JPS6032814A - Modified saturated polyester resin composition - Google Patents

Abstract

PURPOSE:To provide the titled composition giving a molded article having improved heat resistance without lowering the transparency, by mixing a saturated polyester resin with a compound having plural acryloyl groups, and irradiating the mixture with ionizing radiation.
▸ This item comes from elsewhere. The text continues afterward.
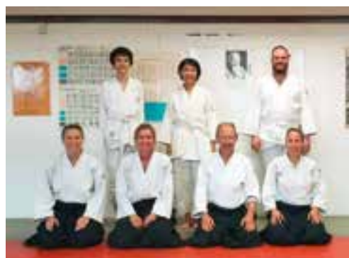
Lehrerteam für den Workshop

Weitere Informationen zum Förderprogramm unter https://aikidobern.ch/index.php/aikidofoerderprogramm .

CONSTITUTION:The objective composition is prepared by mixing 100pts.wt. of a saturated polyester resin such as polyethylene terephthalate with preferably 1-10pts.wt. of a compound having >=2 acryloyl groups (preferably a compound having 3 acryloyl groups, e.g. trimethylolpropane triacrylate, pentaerythritol triacrylate, etc.), and irradiating the resultant mixture with ionizing radiation under a condition to give absorbed dose of 1-60Mrad.

Description

DETAILED DESCRIPTION OF THE INVENTION This invention relates to modified saturated polyester resin compositions. More specifically, the present invention relates to a modified saturated polyester resin composition that has improved heat resistance and maintains transparency.

In general, polyester resins, particularly polyethylene terephthalate (hereinafter abbreviated as PET), are widely used as fibers, films, and various molded products due to their excellent physical and chemical properties. In particular, molded containers made of PET have recently attracted attention because they have excellent properties such as mechanical strength, gas barrier properties, and transparency.
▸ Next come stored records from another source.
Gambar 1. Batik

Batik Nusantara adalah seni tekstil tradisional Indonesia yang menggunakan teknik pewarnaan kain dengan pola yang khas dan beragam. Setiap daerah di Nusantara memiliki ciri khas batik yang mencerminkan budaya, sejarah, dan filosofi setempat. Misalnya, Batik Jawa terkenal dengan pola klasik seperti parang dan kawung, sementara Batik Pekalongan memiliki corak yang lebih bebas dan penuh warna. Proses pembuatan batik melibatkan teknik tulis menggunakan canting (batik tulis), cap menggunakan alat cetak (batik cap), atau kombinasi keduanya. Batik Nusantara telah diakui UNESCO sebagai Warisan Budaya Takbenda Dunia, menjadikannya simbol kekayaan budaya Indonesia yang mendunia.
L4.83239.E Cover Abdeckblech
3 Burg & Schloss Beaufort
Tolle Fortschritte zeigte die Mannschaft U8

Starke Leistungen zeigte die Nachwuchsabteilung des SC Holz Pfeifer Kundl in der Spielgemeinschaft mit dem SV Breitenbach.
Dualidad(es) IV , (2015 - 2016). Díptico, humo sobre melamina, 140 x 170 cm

However, although various molded products using PET have the above-mentioned characteristics, their heat resistance is still insufficient, and improvement thereof has been desired for a long time.

Methods to improve heat resistance include maintaining the mold temperature at high humidity during conventional molding, and using compounds that promote the crystallization of saturated polyesters (e.g. benzoic acid, prephthalic acid, stearic acid, phosphonic acid, A method of adding an alkali metal salt of phosphinic acid, etc.) is known. However, the former method requires a long contact time with the mold, making it difficult to say that it is an industrially effective method for manufacturing molded products, and the latter method causes whitening of the preform, making stretch blow molding difficult. There were drawbacks such as the molding being difficult to form and the resulting molded product having an opaque appearance.
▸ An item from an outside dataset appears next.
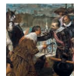
9A aretoa VELÁZQUEZ Lantzak edo Bredaren errendizioa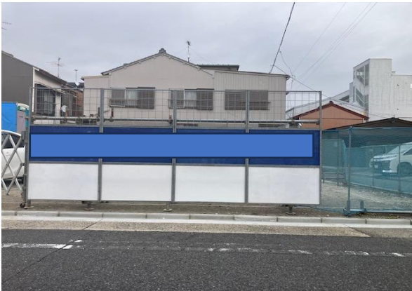
正面仮囲い 足元の間隙大きいのでもう少し下へ落した方が良い

This invention was made in view of such conventional problems. The inventors of the present invention have conducted extensive studies on saturated polyester resins with good heat resistance that do not have the above-mentioned drawbacks. This invention was achieved by discovering the fact that saturated polyester resin molded products and materials for molded products with improved heat resistance and good transparency can be efficiently obtained by irradiating objects with ionizing radiation.

Even if a compound having at least two acryloyl groups used in the present invention is actually simply added to a saturated polyester resin and a heat curing treatment is attempted, the desired composition cannot be obtained. In addition, the technology of modifying PlusDeck with ionizing radiation is also known for polyethylene, etc., but depending on the type of plastic, C may cause molecular chain collapse, disproportionation, etc., resulting in uniformly good crosslinking. However, it cannot be said to be an effective means of reforming. Furthermore, even if a saturated polyester resin (molded article) is simply irradiated with ionizing 11 radiation, good crosslinking will not occur and the desired molded article will not be obtained.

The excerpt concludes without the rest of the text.